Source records
——————
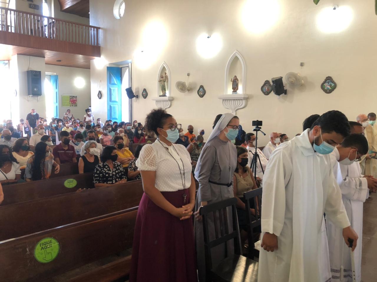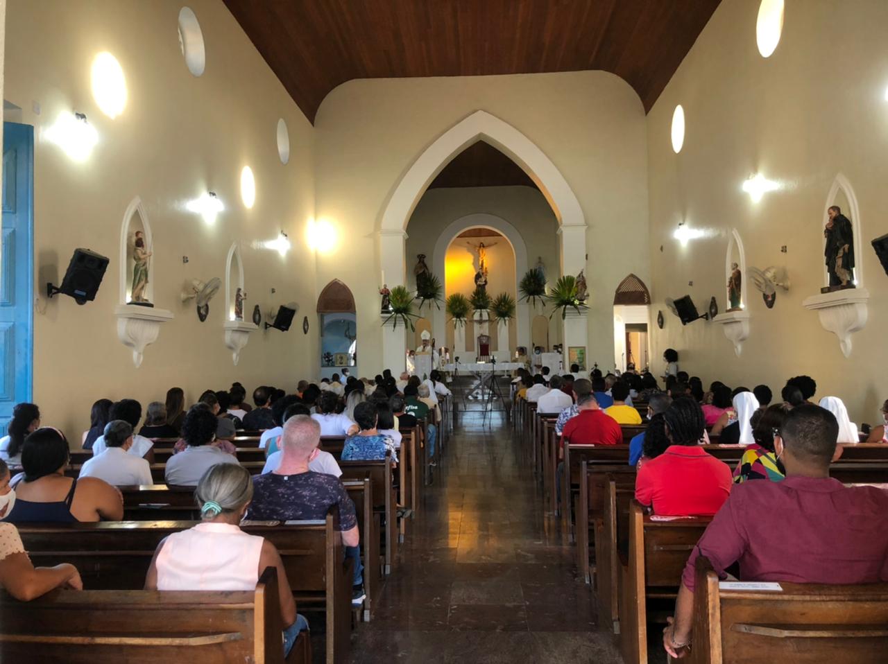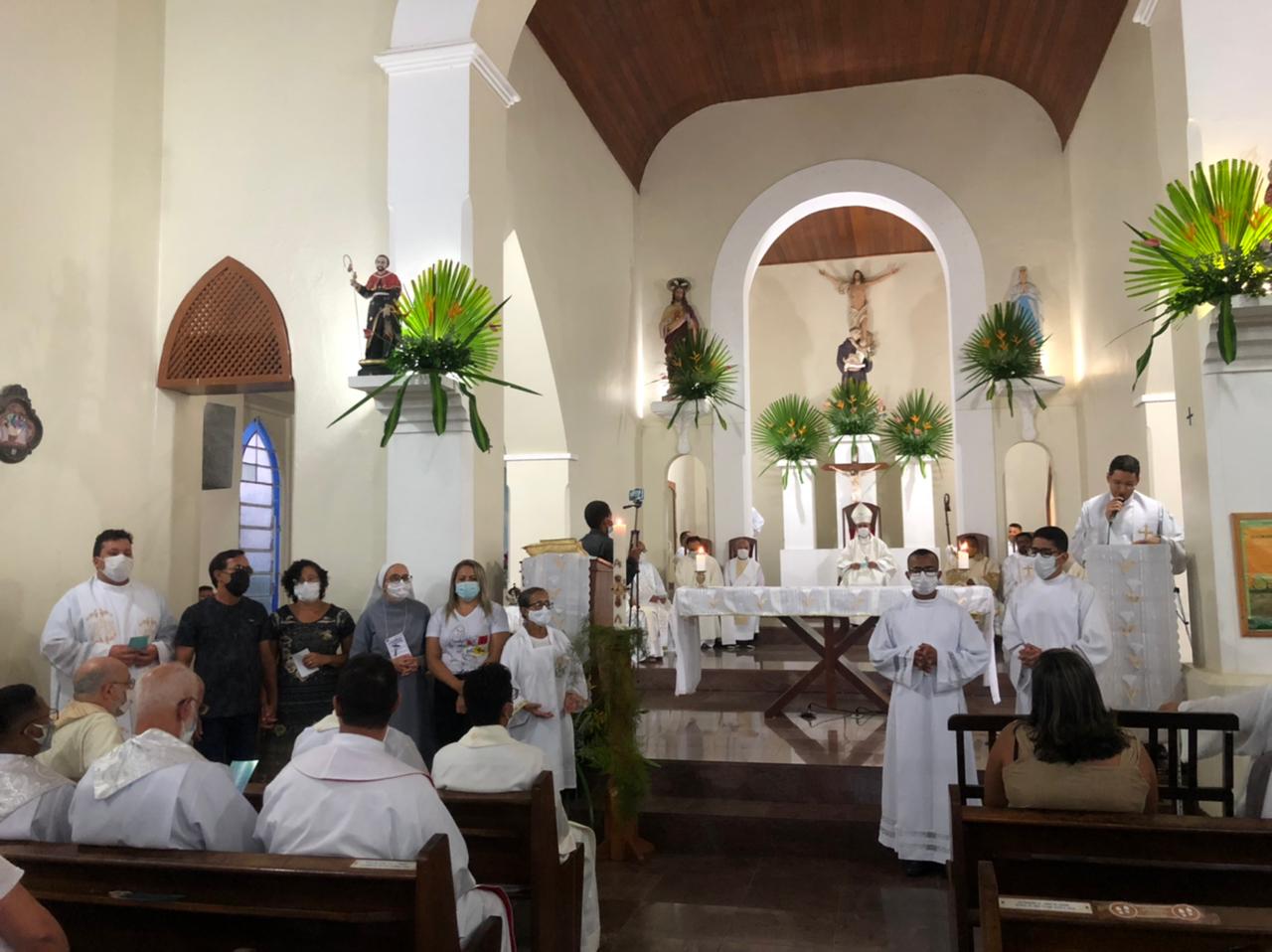 Após o momento de estudos no CTL, aconteceu a Celebração Eucarística, na Catedral Santo Antônio, com a abertura do Biênio Vocacional 2022/2023, com o tema “ Cada Comunidade uma Nova Vocação e Novos Ministérios”, a Celebração Eucarística foi presidida pelo bispo diocesano, Dom Estevam dos Santos Silva Filho, que em sua homilia falou da importância de sermos testemunhas da paz no mundo, lembrou a Páscoa de Dom André de Witte, que no dia 25 de abril completará 1 ano, e da importância de sermos uma Igreja sinodal portadores da misericórdia divina.
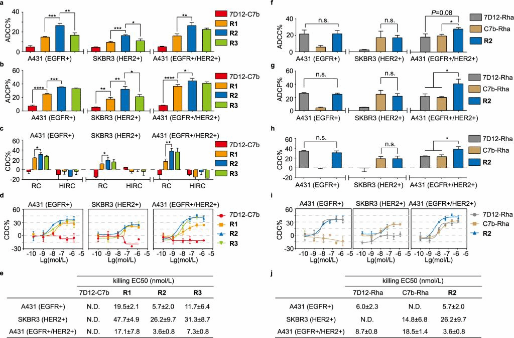 图2 bsNb-Rha偶联物的ADCC、ADCP和CDC活性评估
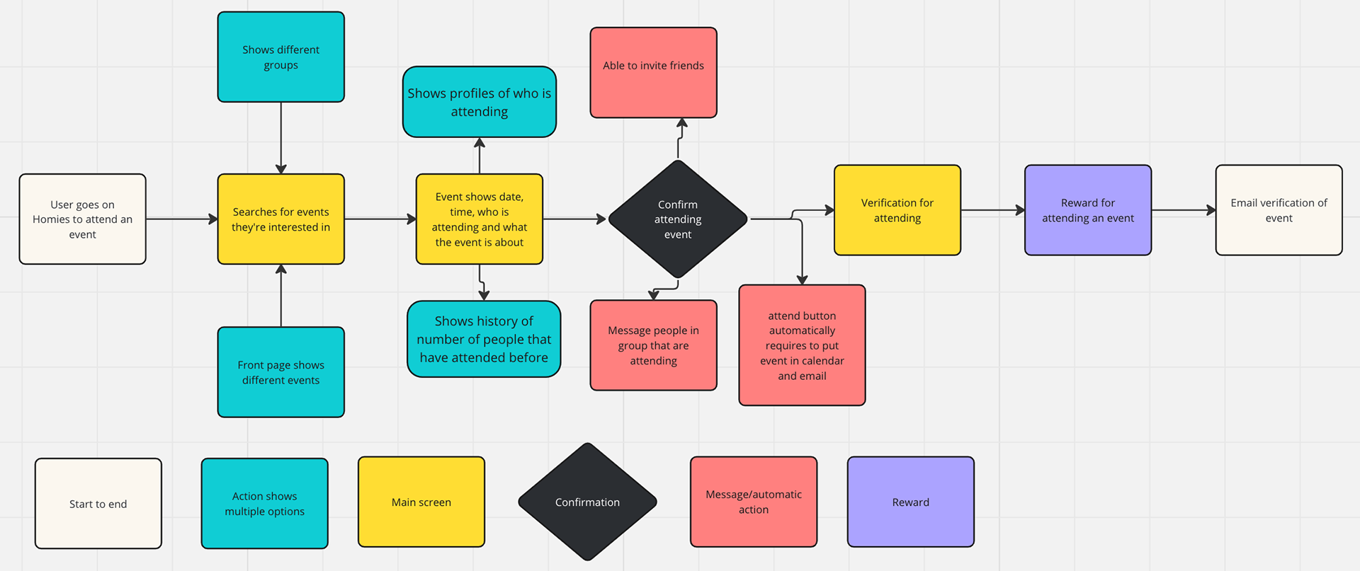 Homies is an MVP social product designed to increase real-world event attendance by addressing the gap between intent (“I’ll go”) and action (actually showing up). As a solo UX/UI designer, I researched behavioral barriers such as social anxiety, uncertainty, and lack of social reassurance, then designed and tested features that reduce friction and increase confidence before attending events.
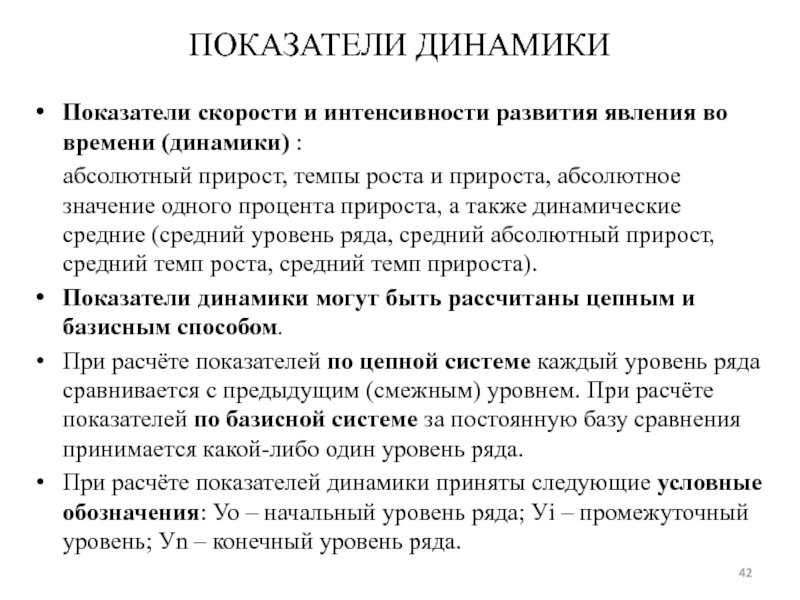 Слайд 42ПОКАЗАТЕЛИ ДИНАМИКИ
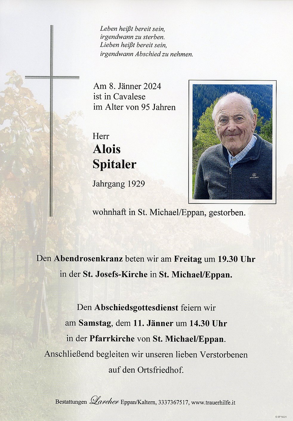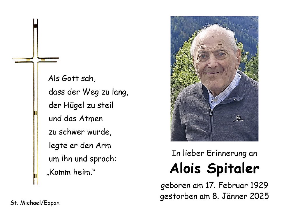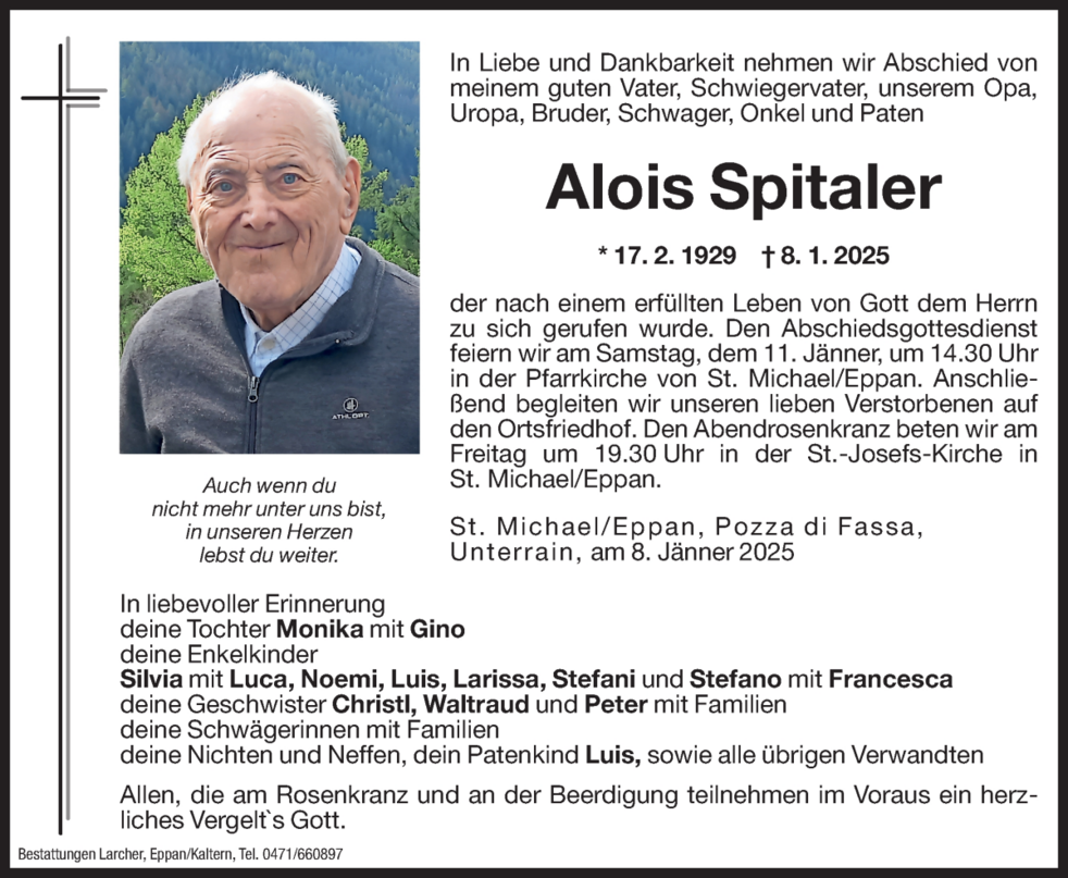 Den Abschiedsgottesdienst feiern wir am Samstag, dem 11. Jänner um 14.30 Uhr in der Pfarrkirche von St. Michael/Eppan. Anschließend begleiten wir unseren lieben Verstorbenen auf den Ortsfriedhof.
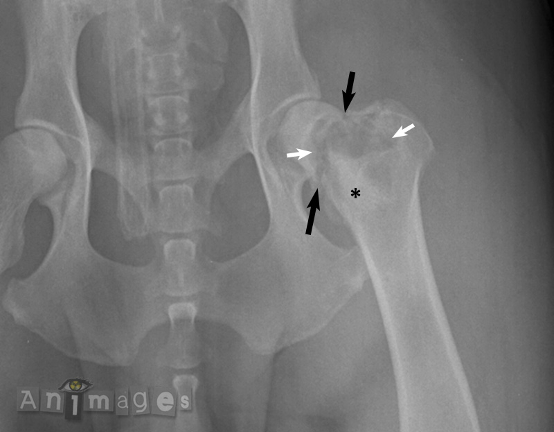 Il s’agissait en effet d’une lésion osseuse agressive. Celle-ci se caractérise par une zone de lyse mitée à géographique (flèches blanches) dans la métaphyse proximale du fémur, au contour mal défini et irrégulier, et accompagnée d’une prolifération osseuse mal définie superposée à la médulla à sa marge distale (*). La métaphyse est déformée et raccourci, alors qu’un défaut cortical est évident crânialement et caudalement (flèches noires), indiquant une fracture pathologique. Celle-ci est survenu en raison de la fragilité de l’os engendrée par le processus agressif. Les caractéristiques et la localisation de cette lésion, couplées au signalement et aux données cliniques de l’animal, sont compatibles avec une tumeur osseuse maligne primaire (ostéosarcome, fibrosarcome ou chondrosarcome) ou encore une tumeur d’une autre lignée cellulaie, tel un sarcome histiocytaire. Techniquement, une ostéomyélite aurait pu être considérée sur la base de cette image, mais collait moins bien avec l’histoire clinique et la loi des chiffres (i.e. la probabilité de rencontrer une ostéomyélite chez un animal mature, dans la métaphyse fémoral proximale, comparativement à une tumeur osseuse primaire). Un ostéosarcome a finalement été confirmé.
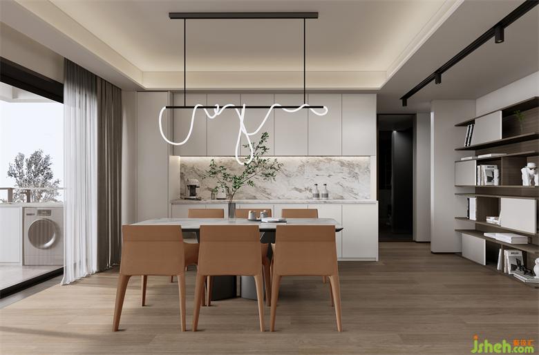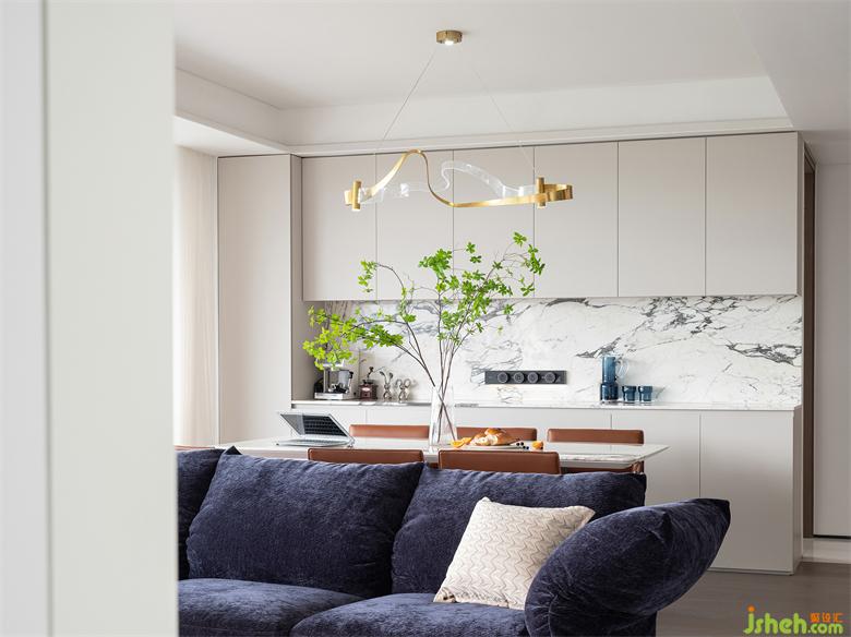 沙發(fā)背后劃分出開放式餐廳,自然區(qū)分空間功能。白色餐桌搭配稍顯厚重的木棕餐椅,百搭亮眼且經(jīng)久耐用。家裝設(shè)計師頂部吊燈宛若飄帶,造型唯美簡約。餐桌背后整墻做餐邊柜,上下吊柜+中部大理石,采用卡其灰板材設(shè)計,低飽和度的色彩沉穩(wěn)大氣,中間的大理石和客廳遙相呼應(yīng),收納功能與顏值雙雙在線~
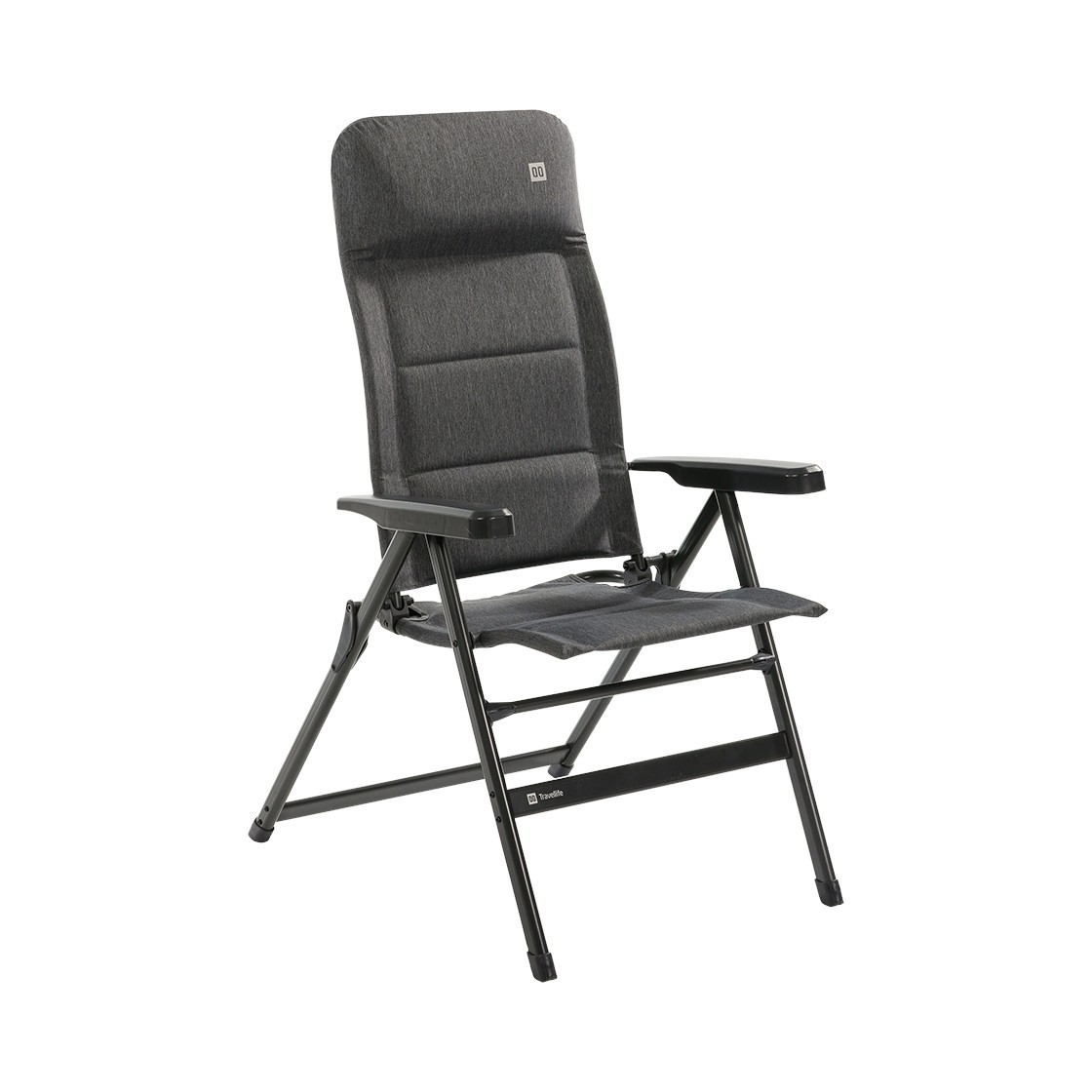 With the Travellife Lago recliner comfort, you benefit from a lightweight aluminium frame and a slim design. These features make the chair ideal to take with you and transport in your camping vehicle, where it takes up little space. Want to sit and eat at the table with the camping chair or stretch out and enjoy the sun? It's all possible with the Lago recliner! The backrest of the chair is adjustable to no less than seven different positions. At the same time, you enjoy excellent seating comfort, thanks to the comfortable padding. The adjustable camping chair has a weight capacity of 120 kg.
——————
**Instructions for the task**
Beginning with the line above that has "Homies is an" and going on through the line that has "Слайд 42ПОКАЗАТЕЛИ ДИНАМИКИ", retype every line exactly and add nothing else; drop the pictures.

**Final answer**
 Homies is an MVP social product designed to increase real-world event attendance by addressing the gap between intent (“I’ll go”) and action (actually showing up). As a solo UX/UI designer, I researched behavioral barriers such as social anxiety, uncertainty, and lack of social reassurance, then designed and tested features that reduce friction and increase confidence before attending events.
 Слайд 42ПОКАЗАТЕЛИ ДИНАМИКИ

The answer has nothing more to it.